▸ **Provided data**
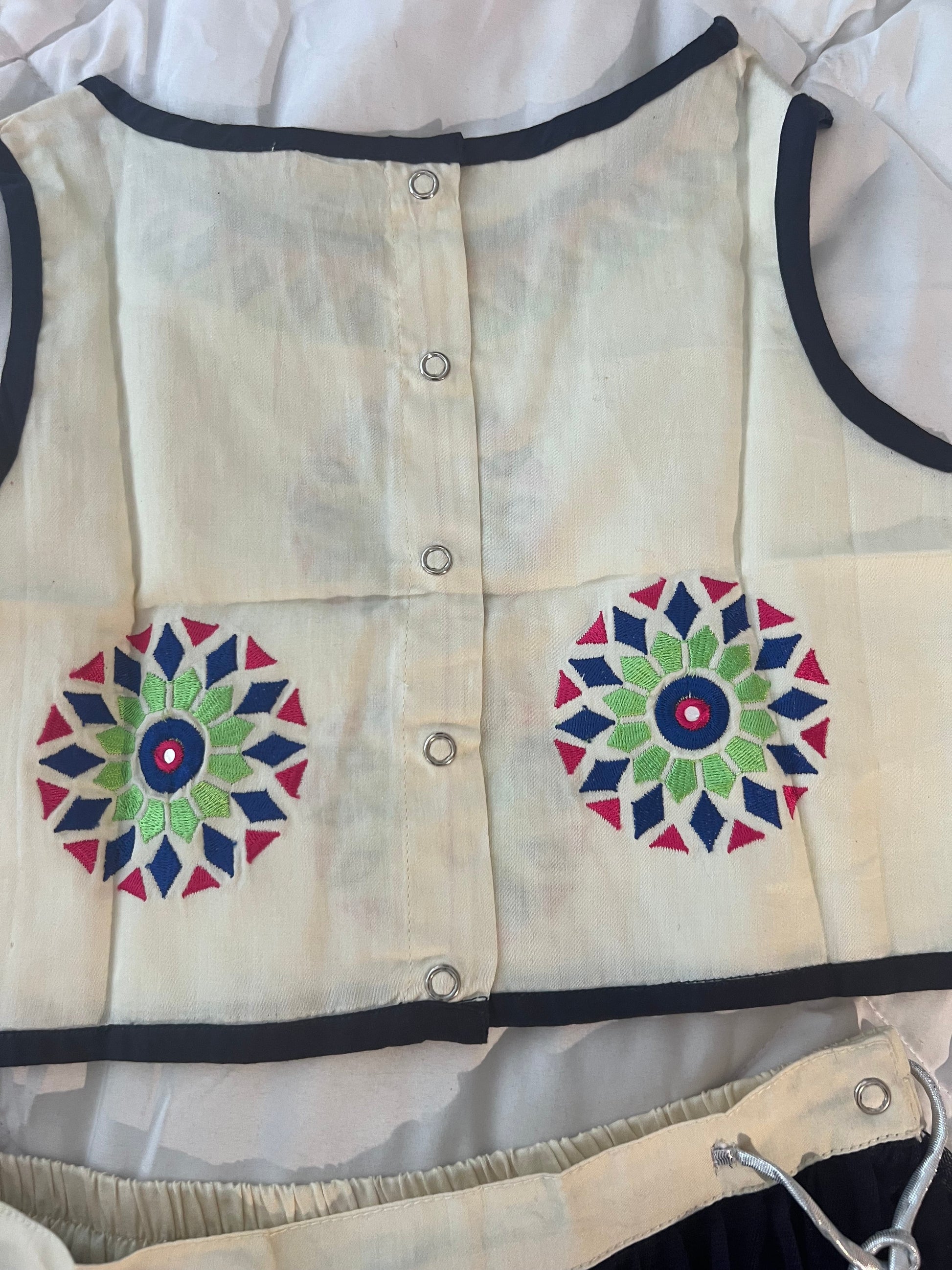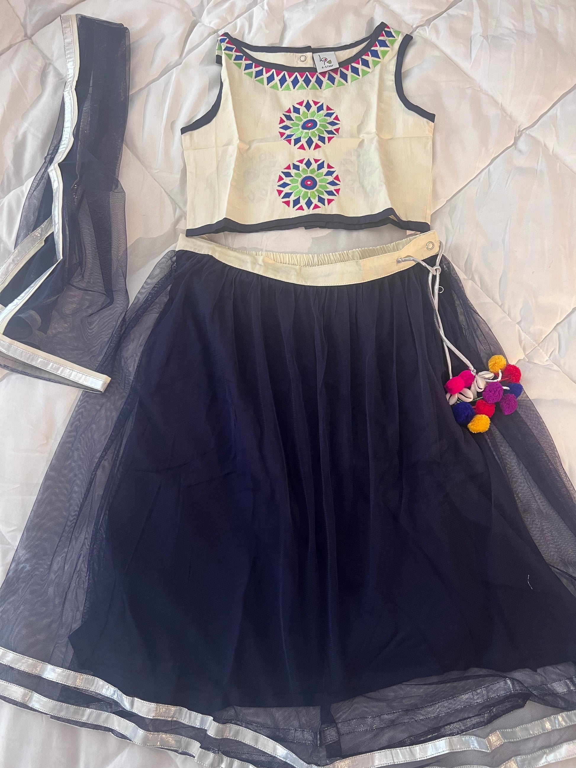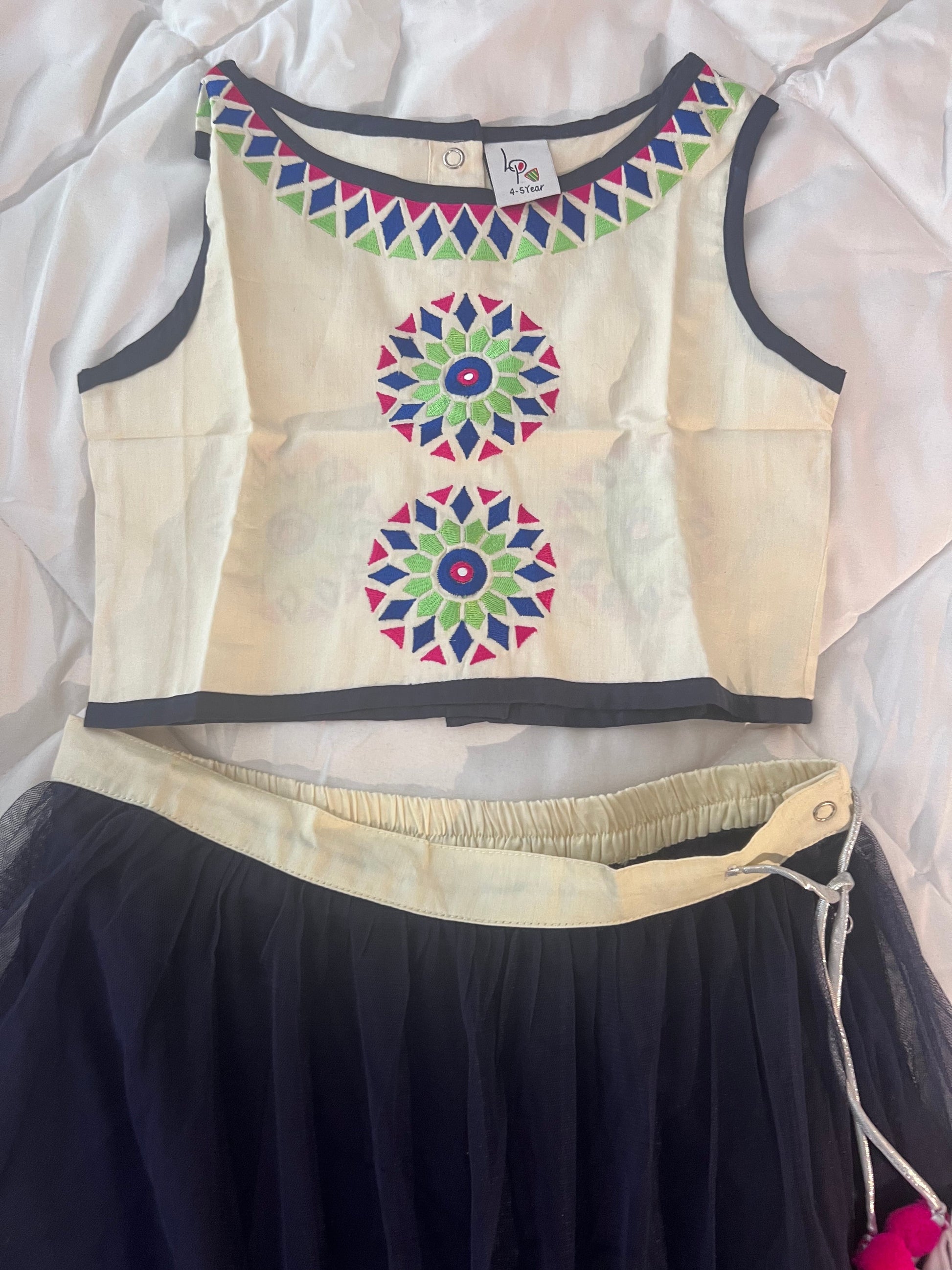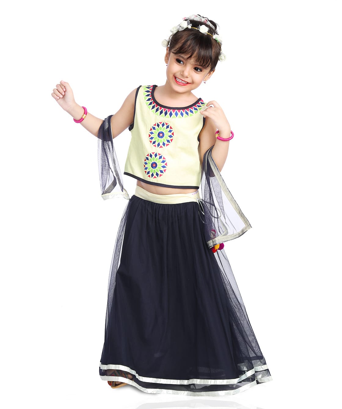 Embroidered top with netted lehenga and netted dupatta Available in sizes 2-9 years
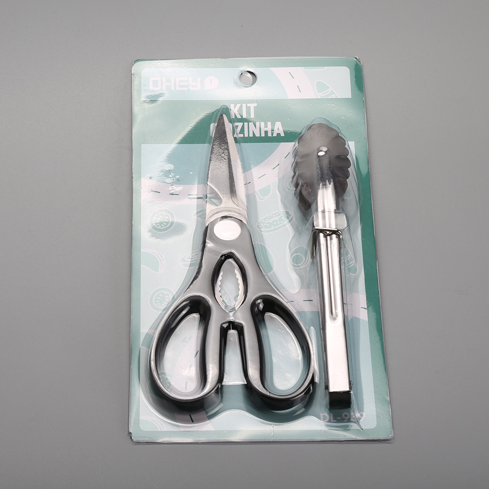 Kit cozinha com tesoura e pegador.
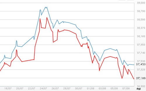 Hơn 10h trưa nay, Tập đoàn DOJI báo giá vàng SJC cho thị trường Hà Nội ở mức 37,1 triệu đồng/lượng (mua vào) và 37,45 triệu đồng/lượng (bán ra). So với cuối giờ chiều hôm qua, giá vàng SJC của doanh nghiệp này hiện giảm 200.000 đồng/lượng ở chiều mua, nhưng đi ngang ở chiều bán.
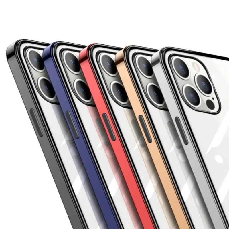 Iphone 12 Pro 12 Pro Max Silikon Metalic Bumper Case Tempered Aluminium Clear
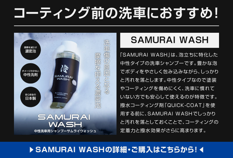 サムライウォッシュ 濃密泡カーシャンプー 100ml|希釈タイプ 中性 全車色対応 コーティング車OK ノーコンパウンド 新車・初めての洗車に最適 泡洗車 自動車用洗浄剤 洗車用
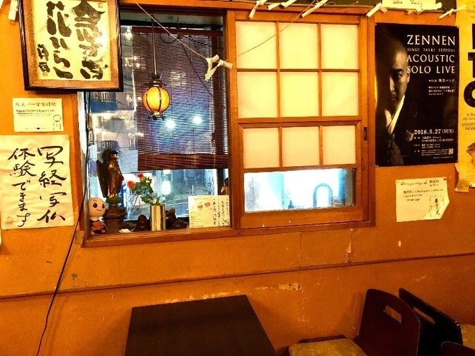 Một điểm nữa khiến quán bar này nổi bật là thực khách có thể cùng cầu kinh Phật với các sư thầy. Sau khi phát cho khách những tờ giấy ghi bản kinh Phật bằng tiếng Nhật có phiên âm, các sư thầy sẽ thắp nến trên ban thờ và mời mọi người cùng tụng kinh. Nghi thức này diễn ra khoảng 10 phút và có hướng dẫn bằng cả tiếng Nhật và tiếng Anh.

▸ **Exercise**
The copy you give must run from the line containing "Kit cozinha com tesoura e pegador." through the last line of the records, exactly, with the pictures left out.

▸ **Task solution**
 Kit cozinha com tesoura e pegador.
 Hơn 10h trưa nay, Tập đoàn DOJI báo giá vàng SJC cho thị trường Hà Nội ở mức 37,1 triệu đồng/lượng (mua vào) và 37,45 triệu đồng/lượng (bán ra). So với cuối giờ chiều hôm qua, giá vàng SJC của doanh nghiệp này hiện giảm 200.000 đồng/lượng ở chiều mua, nhưng đi ngang ở chiều bán.
 Iphone 12 Pro 12 Pro Max Silikon Metalic Bumper Case Tempered Aluminium Clear
 サムライウォッシュ 濃密泡カーシャンプー 100ml|希釈タイプ 中性 全車色対応 コーティング車OK ノーコンパウンド 新車・初めての洗車に最適 泡洗車 自動車用洗浄剤 洗車用
 Một điểm nữa khiến quán bar này nổi bật là thực khách có thể cùng cầu kinh Phật với các sư thầy. Sau khi phát cho khách những tờ giấy ghi bản kinh Phật bằng tiếng Nhật có phiên âm, các sư thầy sẽ thắp nến trên ban thờ và mời mọi người cùng tụng kinh. Nghi thức này diễn ra khoảng 10 phút và có hướng dẫn bằng cả tiếng Nhật và tiếng Anh.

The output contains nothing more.